Andrew Keen: The Internet is Not the Answer
Andrew Keen is out with his new book, where much of his previous argumentation is bound together in a voice more persuasive and harsh than before — so, before anything else is said; this is a book to read and think seriously about. Keen, known to many as THE Internet contrarian, argues very convincingly how the Internet creates more problems than it solves, eradicates more jobs than it creates and portends to be a device for more openness and transparency when in fact it is the opposite. It´s time to wake up, he concludes. And it´s a wake-up call bolstered with a richness of sources, stories and reflections that compels any serious intellectual to either agree or disagree. There is little room left in the middle for the comfortably complacent.
Here is a note from The Guardian to set this blog post on a track. More will be added.
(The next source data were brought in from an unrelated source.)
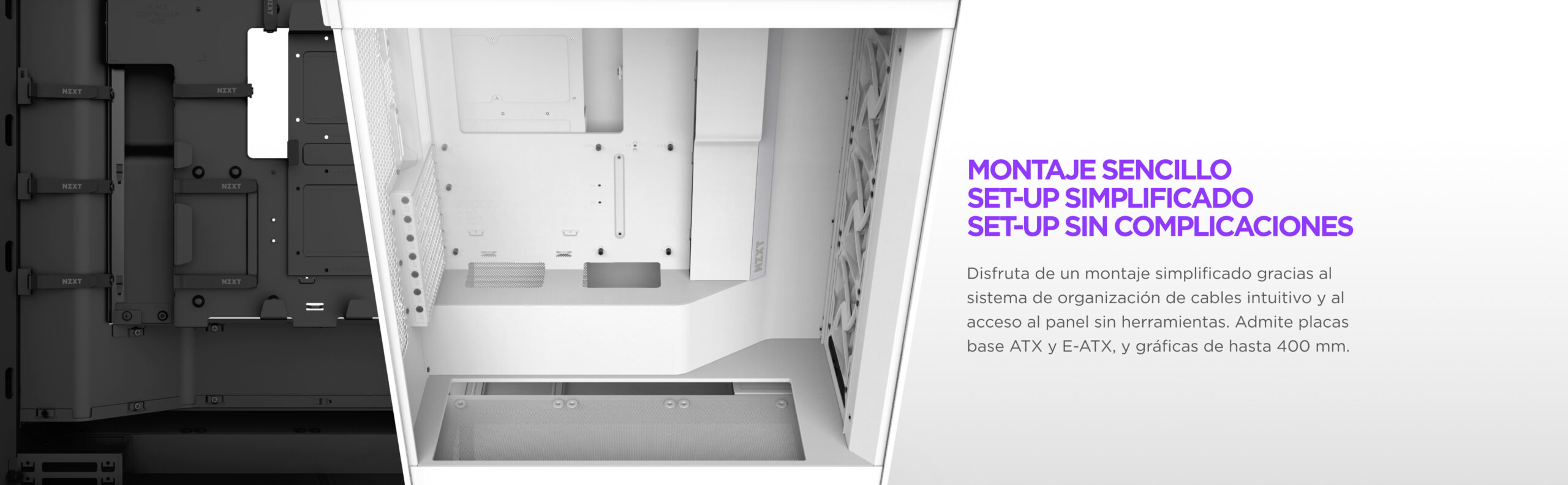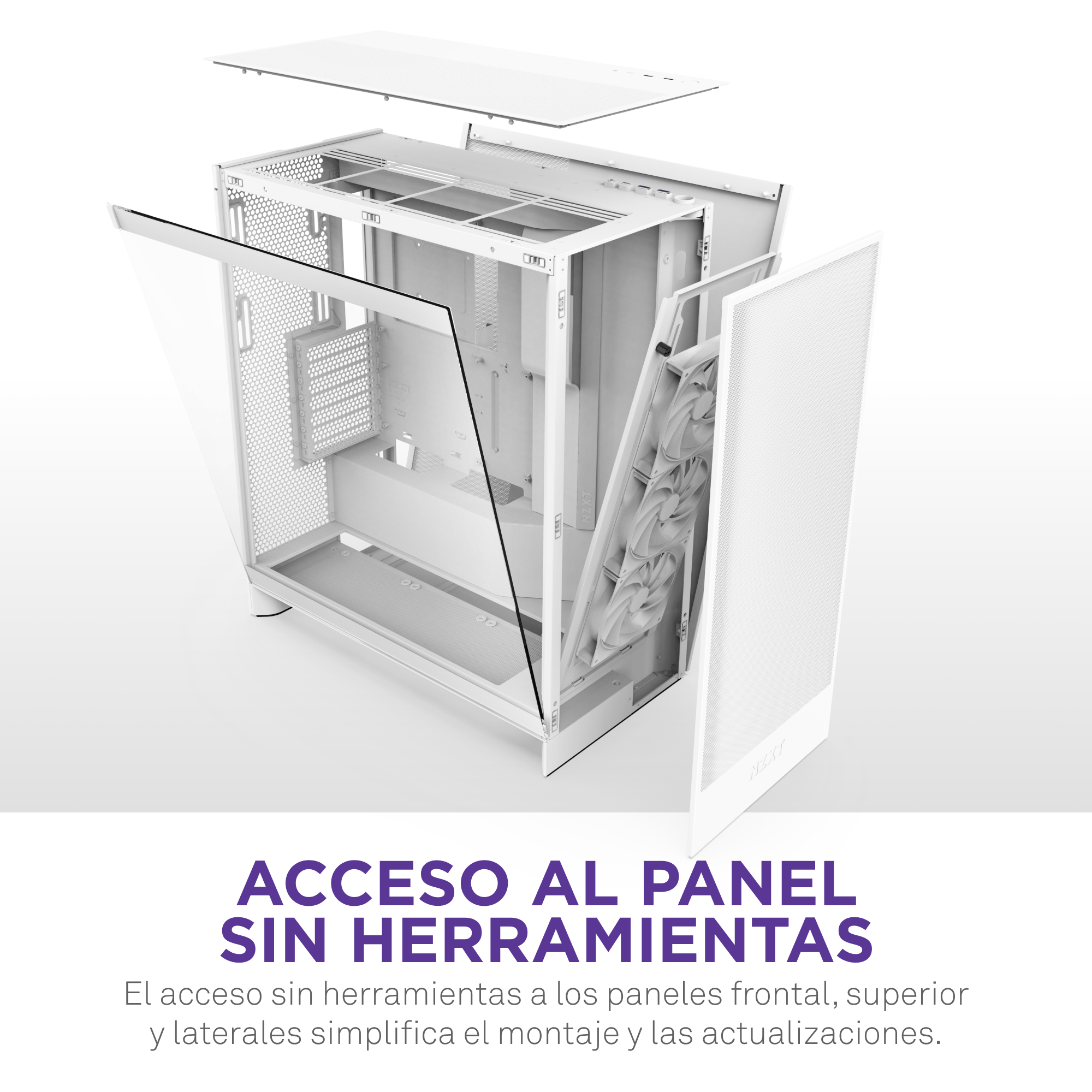 Acceso sin herramientas a los paneles frontal, superior y lateral, facilitando la construcción y actualización del equipo.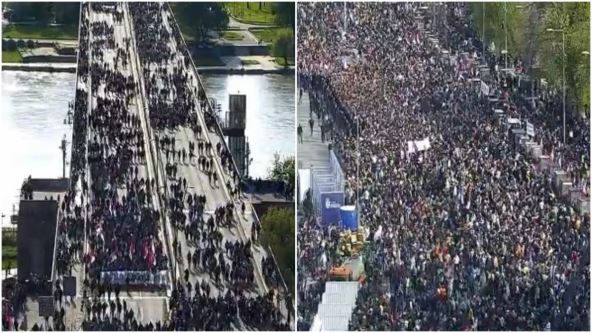 Zeleni venac, kao i Brankov most, zatvoreni su za saobraćaj, a preko njega trenutno prelaze građani koji su se uputili na skup ispred Skupštine Srbije, čiji centralni događaj kreće u 19 časova.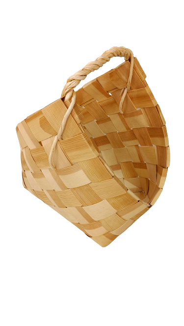 Kaunis puinen puunkantokori. Korkeus n.54cm, leveys n.30cm.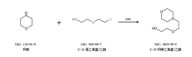 1.通过吗啉和2-(2-氯乙氧基)乙醇合成2-(2-吗啉乙氧基)乙醇,收率约64%;
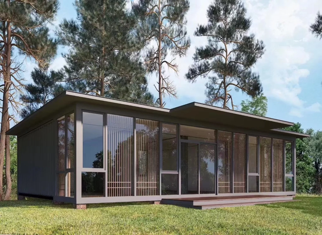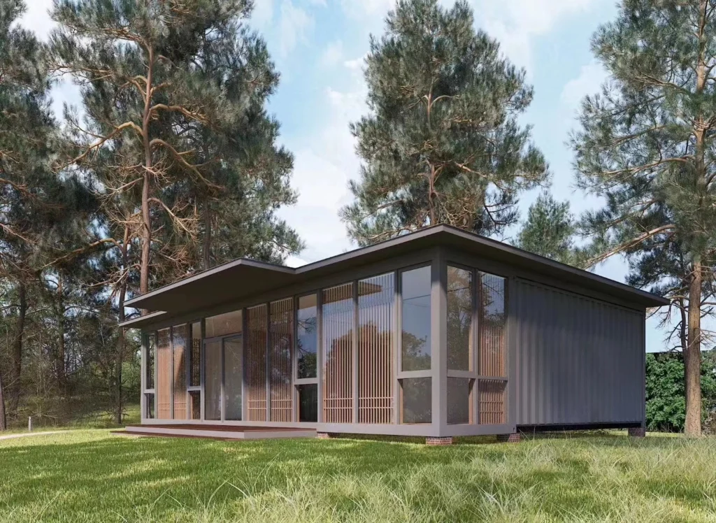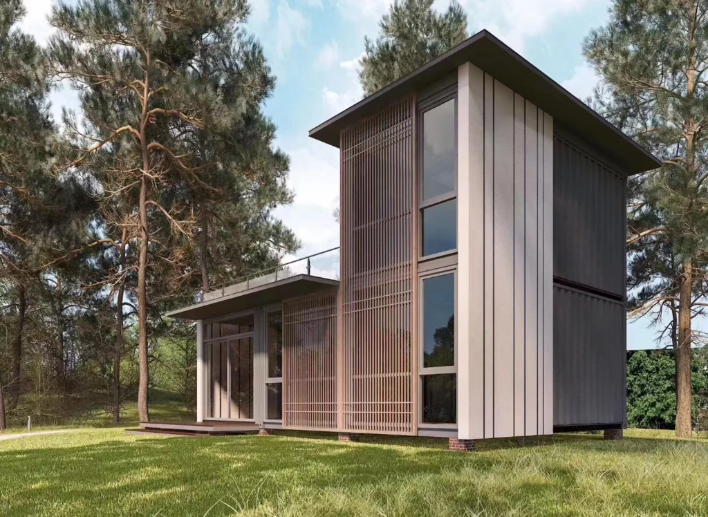 This premium project by modulardwell showcases a sophisticated two-story modular container home that achieves a warm, organic look without the maintenance challenges of real wood. Designed for longevity and style, this structure is an ideal solution for luxury vacation rentals or modern garden studios.

Here is also a 1 hour interview or conversation from Triangulation 183. It is a new website to me, but the interview is quite decent.
From The Guardian
The internet that we use today was switched on in January 1983, and for its first 10 years was almost exclusively the preserve of academic researchers, which meant that cyberspace evolved as a parallel, utopian universe in which the norms of “meatspace” (John Perry Barlow’s term for the real, physical world) did not apply. In fact, for most of the first two decades, the real world remained blissfully unaware of the existence of the virtual one.
And then Tim Berners-Lee invented the web, and in 1993 Marc Andreessen released Mosaic, the first graphical browser, and suddenly the real world realised what the internet was and, more importantly, what it could do. What happened next was, with hindsight, predictable, though relatively few people spotted it at the time. It was later summed up by John Doerr, a Silicon Valley venture capitalist, as “the greatest legal accumulation of wealth in history”. More succinctly you could say that what happened was that Wall Street moved west.
Andrew Keen – like many who were involved in the net in the early days – started out as an internet evangelist. In the 1990s he founded a startup in the Bay Area and drank the Kool-Aid that fuelled the first internet bubble. But he saw the light before many of us, and rapidly established himself as one of the net’s early contrarians.